#### [PROBLEM STATEMENT]
Return the data word for word. Pictures are to be omitted.

#### [COLLECTED MATERIAL]
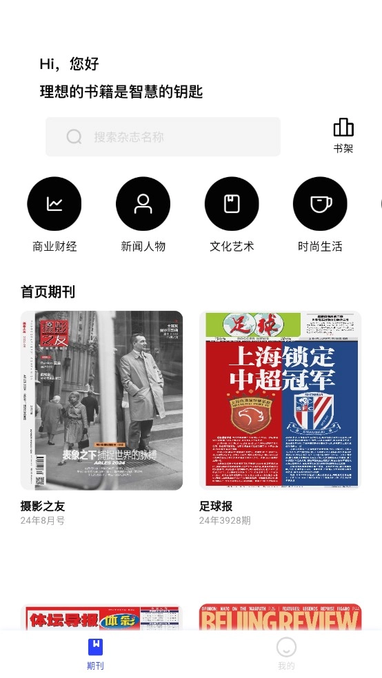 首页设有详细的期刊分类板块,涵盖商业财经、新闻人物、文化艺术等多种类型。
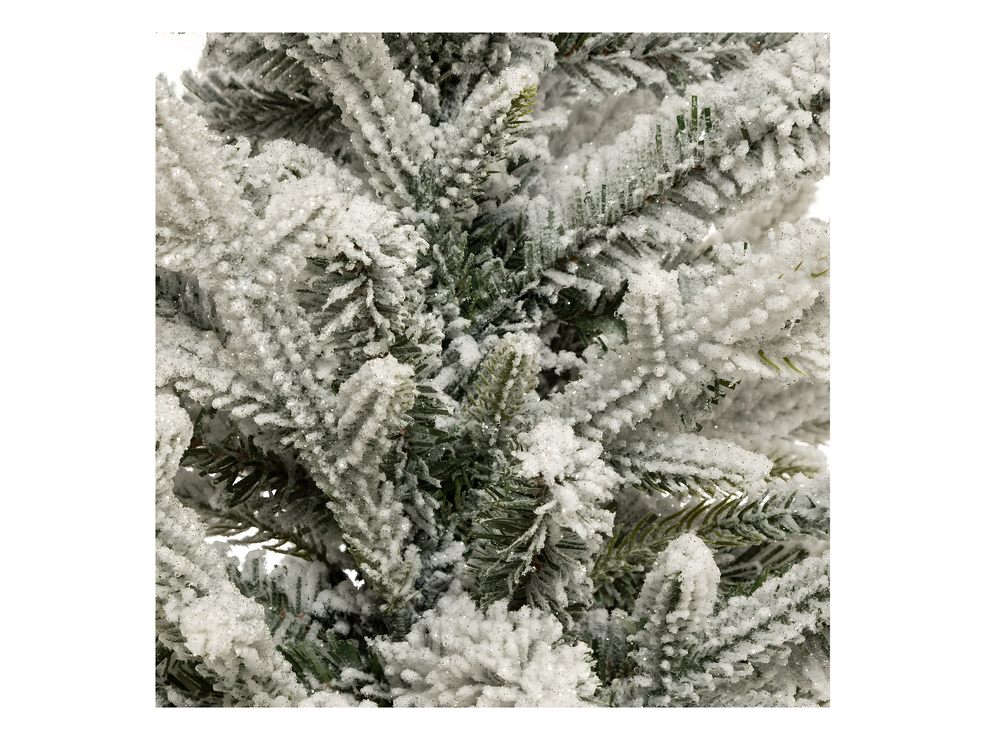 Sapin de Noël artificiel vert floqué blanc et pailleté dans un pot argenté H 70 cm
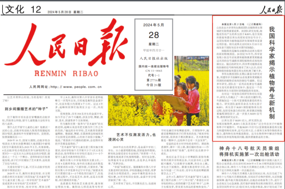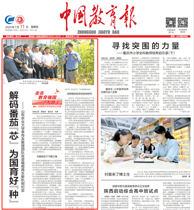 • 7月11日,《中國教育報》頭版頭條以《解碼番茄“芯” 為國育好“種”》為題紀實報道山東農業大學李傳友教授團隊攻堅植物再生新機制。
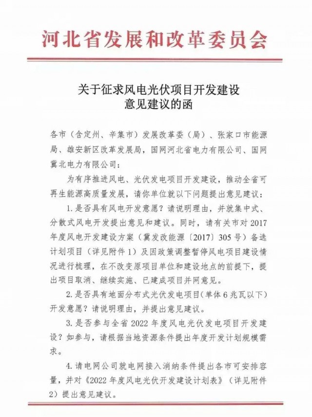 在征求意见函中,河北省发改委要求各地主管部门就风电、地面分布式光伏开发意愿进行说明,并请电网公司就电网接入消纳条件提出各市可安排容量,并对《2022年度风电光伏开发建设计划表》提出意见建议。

#### [SOLUTION FOR THIS EXERCISE]
 首页设有详细的期刊分类板块,涵盖商业财经、新闻人物、文化艺术等多种类型。
 Sapin de Noël artificiel vert floqué blanc et pailleté dans un pot argenté H 70 cm
 • 7月11日,《中國教育報》頭版頭條以《解碼番茄“芯” 為國育好“種”》為題紀實報道山東農業大學李傳友教授團隊攻堅植物再生新機制。
 在征求意见函中,河北省发改委要求各地主管部门就风电、地面分布式光伏开发意愿进行说明,并请电网公司就电网接入消纳条件提出各市可安排容量,并对《2022年度风电光伏开发建设计划表》提出意见建议。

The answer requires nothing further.